Love finds a way. The teenage girls interviewed for this story are sneaky and clever, as teenage girls are. Some dress up as men and visit men-only establishments. And while unmarried men and women may not speak to each other because Islam forbids a stranger to hear your voice, this is the era of Facebook and cell phones. Instant messaging and text messaging bring some young people together. Not everyone is comfortable with it, however. Sara al-Tukhaifi, 18, says: "One test is that if you're ashamed to tell your family something, then you know for sure it's wrong. For a while I had Facebook friends who were boys — I didn't e-mail with them or anything, but they asked me to "friend" them and so I did. But then I thought about my family and I took them off the list."

While there are penalties for being caught with an unrelated member of the opposite sex (arrest, flogging) — the worst is the dishonor that would be invoked. Explains Enad al-Mutairi, a 20-year-old police officer: "One of the most important Arab traditions is honor.
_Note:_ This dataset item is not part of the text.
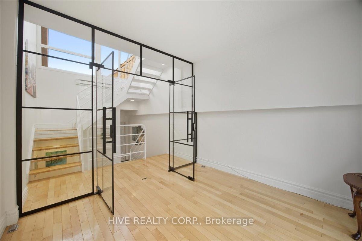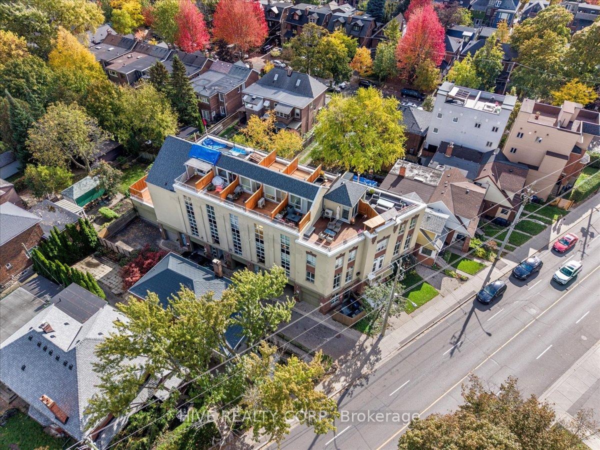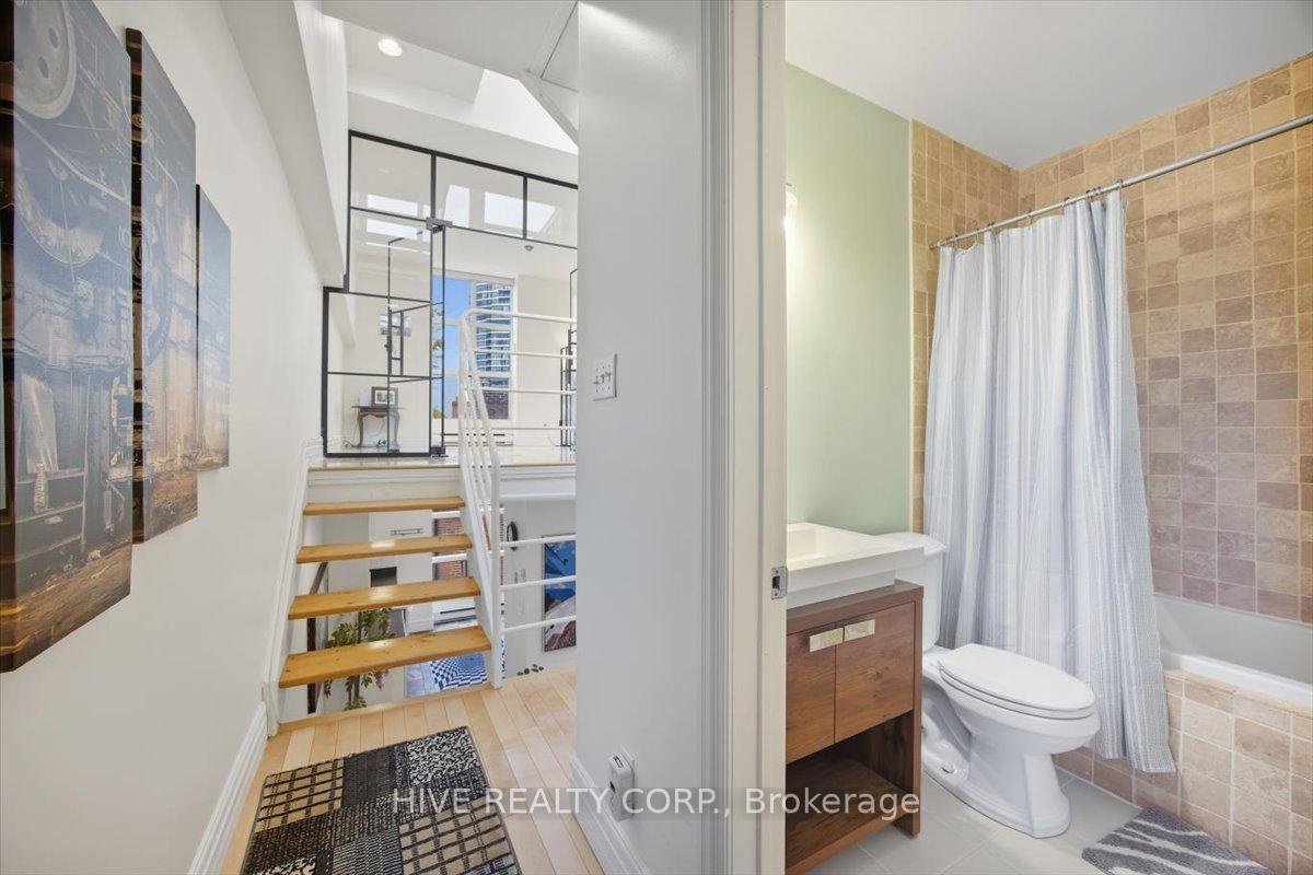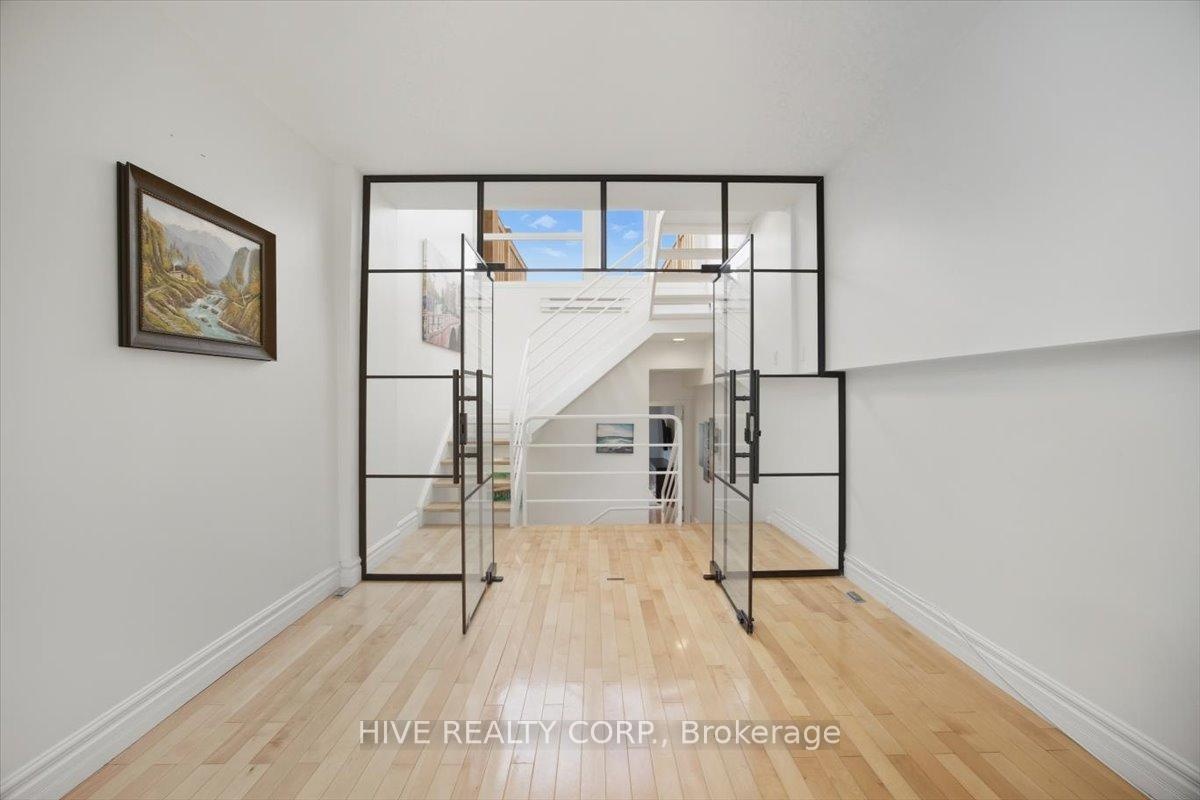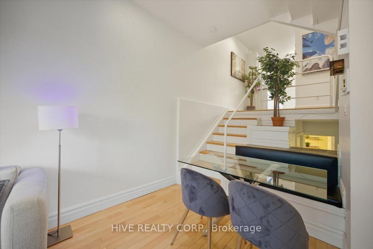 Discover a home that is anything but ordinary. Nestled within the coveted Playter Estates, The Historical Don Hall Lofts present a phenomenal 2-bedroom, 2-bathroom townhouse, once a vibrant 1920s dance hall and later a hippie commune.Now, this multi-level sanctuary is a light-filled retreat. Soaring 10-foot ceilings and massive, tall windows bathe the open-concept space in sunshine. The second bedroom is a masterpiece of flexibility, featuring a sleek glass wall system that can be a sun-drenched home office, a peaceful nursery, or a bright and airy bedroom. A gas fireplace creates a cozy ambiance, perfect for unwinding in your Living/Dining space.Step outside to your own private escape with two rooftop terraces that offer a serene perch above a quaint, tree-lined street. This is urban living with unparalleled tranquility, yet you're moments from the Broadview Transit Hub, the Don Valley Trail system, and the energy of the Danforth. Parking and storage locker complete this exceptional offering.Seize the chance to own a truly artistic home in one of Toronto's most sought-after neighbourhoods. Your history-rich oasis awaits.
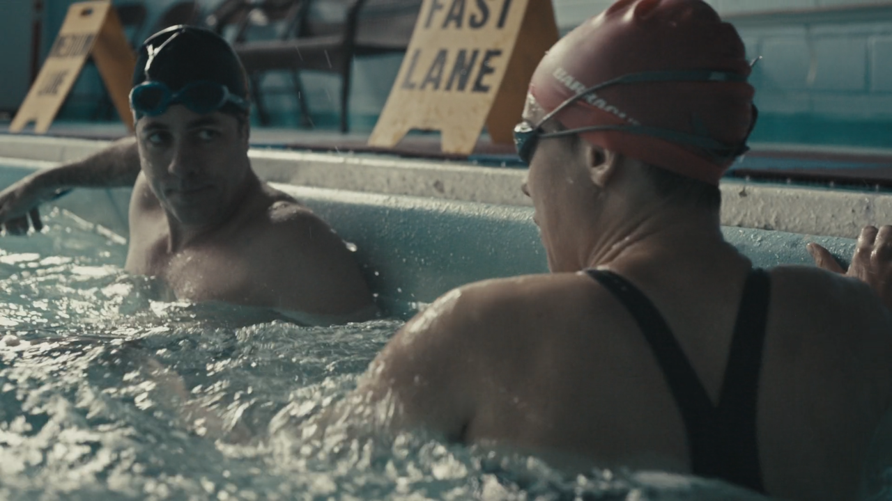 Early on the male gaze is also established, but in a subtle way. Brooks swims up to the male swimmer as he waits, tired at the edge of the pool. She acknowledges him, then pushes on, but we stay with him, Wells and editor Blaire McClendon preferring to hold on to see what he does. But he does nothing. He’s spent.

If my sister goes in the street and someone assaults her, she won't be able to protect herself. The nature of men is that men are more rational. Women are not rational. With one or two or three words, a man can get what he wants from a woman. If I call someone and a girl answers, I have to apologize. It's a huge deal. It is a violation of the house." Enad's cousin, Nader al-Mutairi calls himself "a romantic person." He feels that the way things are set up in Saudi Arabia, "there is no romance." Yet his ring tone is a love song; he is engaged to Enad's sister and they text message each other. When she calls, or writes a message, his phone flashes "My Love" over two interlocked red hearts.

Meanwhile, the Times also interviews a 17-year-old girl named Shaden (seen veiled in the photo above). Her favorite DVD is Pride and Prejudice with Keira Knightley as Elizabeth Bennet. "It's a bit like our society, I think," She says. "It's dignified, and a bit strict... When Darcy comes to Elizabeth and says 'I love you' — that's exactly the kind of love I want."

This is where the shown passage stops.